**What the exercise asks**
Print the entries underneath word for word, omitting whatever pictures they contain.

******

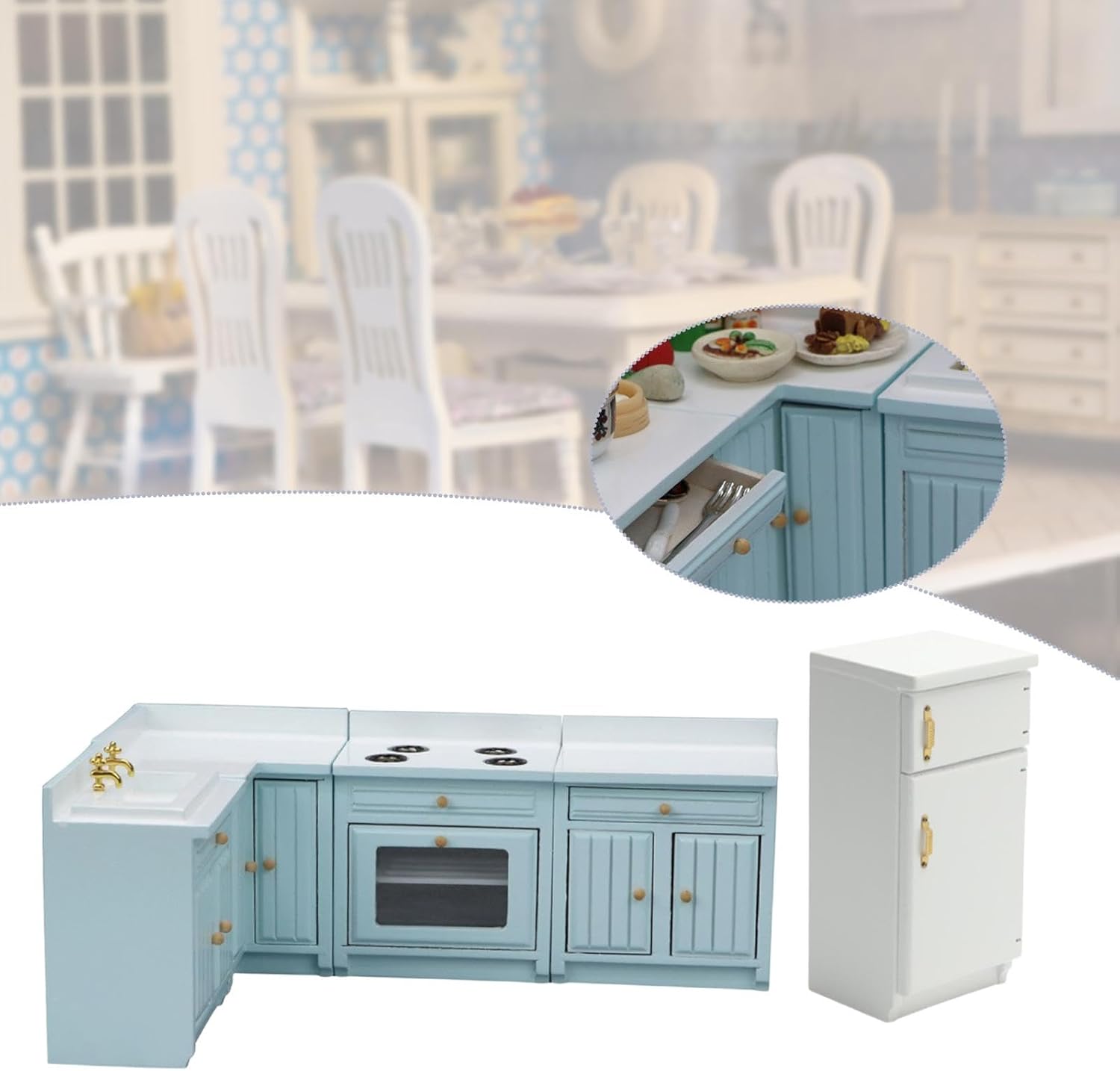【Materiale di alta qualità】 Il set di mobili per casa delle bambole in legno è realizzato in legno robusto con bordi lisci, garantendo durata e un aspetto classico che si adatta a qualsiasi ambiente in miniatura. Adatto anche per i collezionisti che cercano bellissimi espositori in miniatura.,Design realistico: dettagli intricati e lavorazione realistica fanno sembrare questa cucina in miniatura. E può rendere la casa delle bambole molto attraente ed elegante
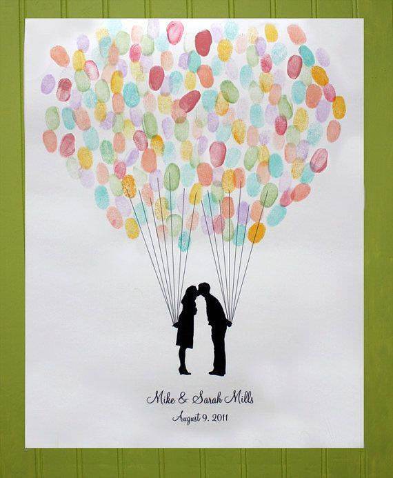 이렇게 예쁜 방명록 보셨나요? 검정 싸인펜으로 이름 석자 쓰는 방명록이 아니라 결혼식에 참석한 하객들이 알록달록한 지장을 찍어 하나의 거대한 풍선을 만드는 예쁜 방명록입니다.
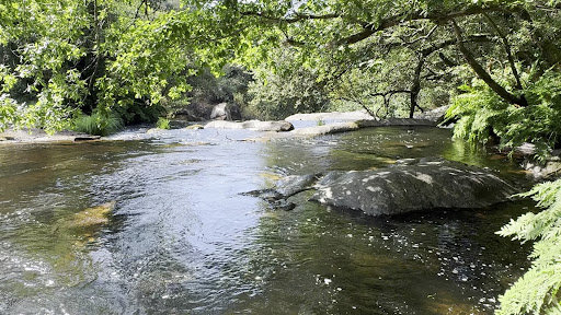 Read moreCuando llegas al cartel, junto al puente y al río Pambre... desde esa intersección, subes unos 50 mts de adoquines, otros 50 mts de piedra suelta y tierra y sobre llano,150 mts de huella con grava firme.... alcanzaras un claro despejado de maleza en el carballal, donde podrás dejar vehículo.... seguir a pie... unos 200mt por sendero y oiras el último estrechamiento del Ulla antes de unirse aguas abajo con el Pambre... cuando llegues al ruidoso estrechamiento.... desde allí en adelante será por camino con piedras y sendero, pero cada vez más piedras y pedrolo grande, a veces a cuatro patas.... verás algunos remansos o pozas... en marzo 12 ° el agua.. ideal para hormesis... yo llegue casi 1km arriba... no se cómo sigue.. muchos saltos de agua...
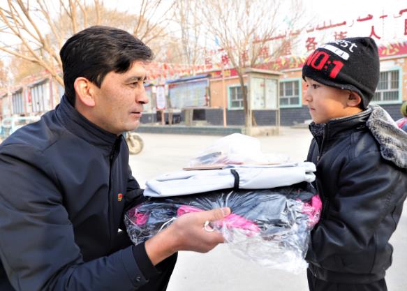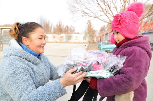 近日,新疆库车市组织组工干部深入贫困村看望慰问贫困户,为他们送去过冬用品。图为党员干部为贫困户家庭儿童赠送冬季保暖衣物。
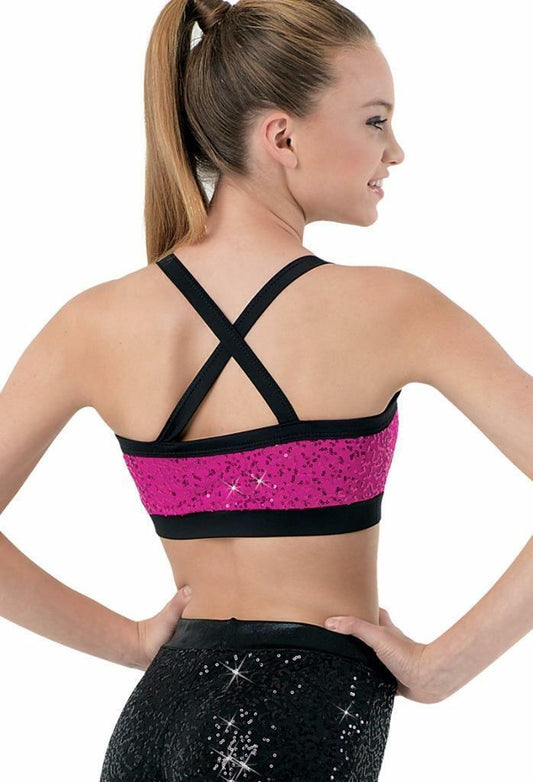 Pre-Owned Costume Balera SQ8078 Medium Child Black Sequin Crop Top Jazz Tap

******

**Exercise answer**
【Materiale di alta qualità】 Il set di mobili per casa delle bambole in legno è realizzato in legno robusto con bordi lisci, garantendo durata e un aspetto classico che si adatta a qualsiasi ambiente in miniatura. Adatto anche per i collezionisti che cercano bellissimi espositori in miniatura.,Design realistico: dettagli intricati e lavorazione realistica fanno sembrare questa cucina in miniatura. E può rendere la casa delle bambole molto attraente ed elegante
 이렇게 예쁜 방명록 보셨나요? 검정 싸인펜으로 이름 석자 쓰는 방명록이 아니라 결혼식에 참석한 하객들이 알록달록한 지장을 찍어 하나의 거대한 풍선을 만드는 예쁜 방명록입니다.
 Read moreCuando llegas al cartel, junto al puente y al río Pambre... desde esa intersección, subes unos 50 mts de adoquines, otros 50 mts de piedra suelta y tierra y sobre llano,150 mts de huella con grava firme.... alcanzaras un claro despejado de maleza en el carballal, donde podrás dejar vehículo.... seguir a pie... unos 200mt por sendero y oiras el último estrechamiento del Ulla antes de unirse aguas abajo con el Pambre... cuando llegues al ruidoso estrechamiento.... desde allí en adelante será por camino con piedras y sendero, pero cada vez más piedras y pedrolo grande, a veces a cuatro patas.... verás algunos remansos o pozas... en marzo 12 ° el agua.. ideal para hormesis... yo llegue casi 1km arriba... no se cómo sigue.. muchos saltos de agua...
 近日,新疆库车市组织组工干部深入贫困村看望慰问贫困户,为他们送去过冬用品。图为党员干部为贫困户家庭儿童赠送冬季保暖衣物。
 Pre-Owned Costume Balera SQ8078 Medium Child Black Sequin Crop Top Jazz Tap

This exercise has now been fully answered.